As you know, I’ve been struggling with a sprained ankle for a better part of a month. From what I’ve learned, sprains are more temperamental than a low blood sugared 2 year-old.
When I dashed out for a quick 4 miles last Thursday I got home pain-free but when I went to put on my dress shoes for a meeting, I realized all was not well. Getting the shoes on looked a little something like this:
Channeling Cinderella’s step sisters, my feet wouldn’t squish into any shoes but one pair of gladiator sandals which I had to wear unzipped and keep my ankle compressed to keep them on. My ankle was totally swollen, as was my uber ego after pulling off a 40+ training cycle the week before pain free and finally picking up speed only to have this happen after 4 pithy miles.
In the last two weeks I have also learned that my iron counts are low, like really low. I did a little reading about endurance athletes and anemia. I found this gem of a blog where this woman promises to make pathology fun. That’s like telling kids that shots won’t hurt. It’s a lie. But the article was informative.
I’m not a big meat eater and being well over halfway through a marathon training cycle and literally feeling the symptoms of the anemia…my body’s telling me something.

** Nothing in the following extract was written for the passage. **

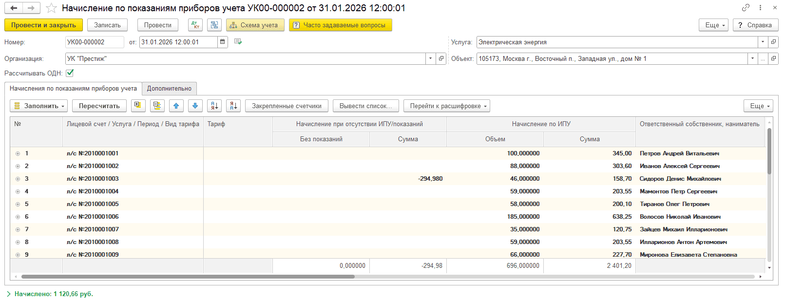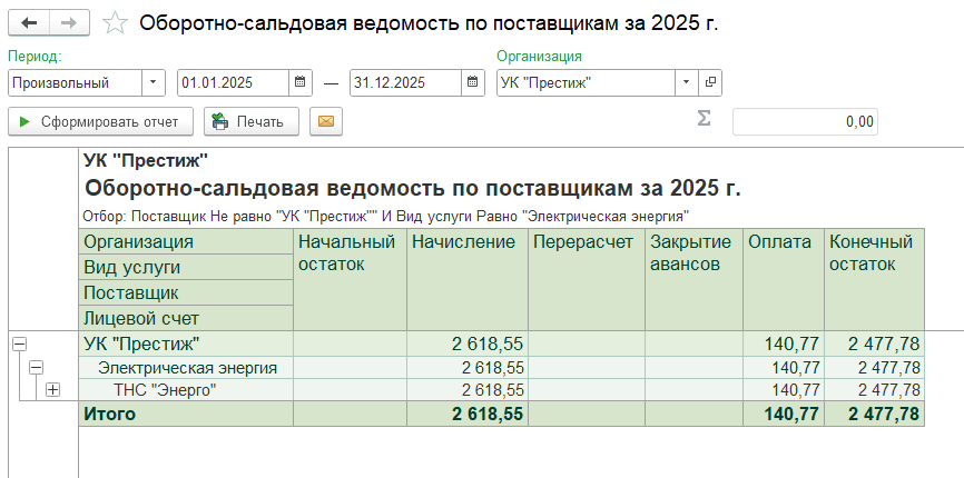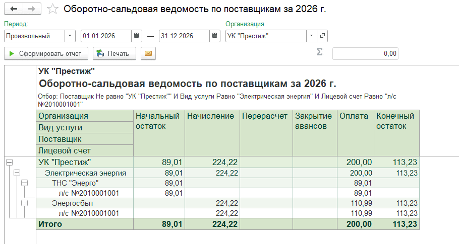 В результате после смены поставщика коммунального ресурса начисления за предыдущие периоды сохраняются за прежним поставщиком, новые начисления отражаются по новому поставщику, а распределение оплат между поставщиками можно проверить в отчете «Оборотно-сальдовая ведомость по поставщикам».

Chillax (wo)man!
So chillax I will.
What does this mean?
Bye bye CIM it was fun half training for you.
I’ve realized it’s time to readjust my goals and it’s looking like CIM just has to go….which is a decision I am not super happy about.
My New Goals
1: Ankle Rehab. It’s time to teach Amanda Bynes a lesson and check into rehab. Again. Get this ankle rehabbed slowly and surely. The ankle rehab stuff is easy – go low and slow and ease back in hoping not to tweak it again. I also need to expect that it will be tweaky for a few months. Sprains are like that. Just because I get a good week or two in, doesn’t mean that it’s miraculously healed and I can just crank it up.
2: Pump Some Iron: I need to learn more about iron, iron reserves, etc. My iron counts were like one point away from full blown anemia and I was symptomatic so it’s time to get this schtuff under control.

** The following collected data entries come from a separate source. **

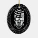 Keramiska prydnadsämnen i halloween fest visas med ett nedtryckt skalltryck på spindelnätets svarta bakgrund i färg. Anpassa det här objektet eller köp som det är. Licensierad bild
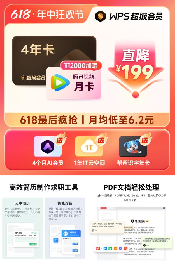 🌛今日特惠软件专享🌛 ------- 🎁【WPS超级会员】 领1.0亓优惠卷 买1件,领取满69减1优惠卷,参与全年下单再享9.5折,下单享优惠,淘金币可抵14.94元,折单件268.16 - 文字翻译 + 图片编辑 + PDF转PPT!!高效办公!功能全面!兼容性强!!4年使用权,官方正版,必备神器!!
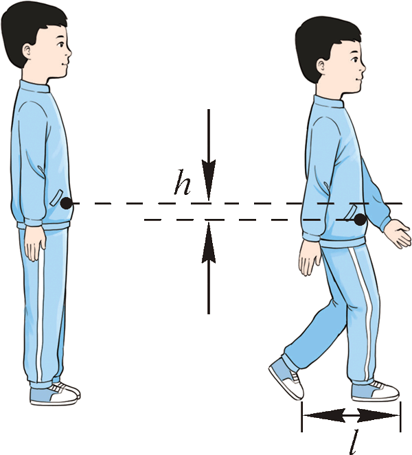 全民健身是全体人民增强体魄、健康生活的重要措施,是每个人健康成长和幸福生活的重要基础。健步走可以起到锻炼身体的目的。人走路时,重心会发生上下移动。某人的质量为 50 kg,腿长 65 cm,重心大约位于肚脐上方 7 cm 处。此人按步距 l = 50 cm 走路,每走一步,重心位置高度变化 h = 5 cm,如图 8 所示。
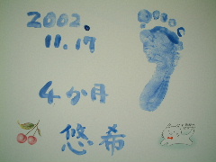 茅ヶ崎のTOTOのフリーマーケットに行きました。タイルに手形を取ってもらう予定だったのだけど、手をグーしたままで困らせちゃった。おじさんとママはあきらめて足形を取ることにしたよ。そのあと町田のお家に行きました。おーちゃんやあーちゃんを見てたくさん泣いちゃった。

Unlike my carnivorous sons, I’m not a huge meat eater. I do eat some meat, but not very much. It turns out this might be much of the problem. According to the American Red Cross, your body absorbs 20-30% of the iron found in meat products and 2-10% of the iron found in foods.
Caveat: You can live a vegetarian long-distance runner lifestyle and have plenty of iron…I’m just saying something’s off for me right now and my diet might just be playing a factor in it.
I eat a pretty balanced diet with lots of iron sources (spinach, broccoli, sweet potatoes, peas, green beans and more beans than my digestive system likes), and I also eat a lot of high Vitamin C foods (which I learned aids in iron absorption!). But it seems, that I’m not getting enough of what my body needs.
Perhaps it’s the running, or it could just be me (I’ve always been on the low to very low side of my iron counts) – either way, it’s time to take some supplements and start really focusing on how much iron I am really taking in.
So game on. Time to get moving [or not] but you get what I mean.
Any of you struggle with anemia?
Give me your best iron-laden (veg or meat I don’t care right now) recipe.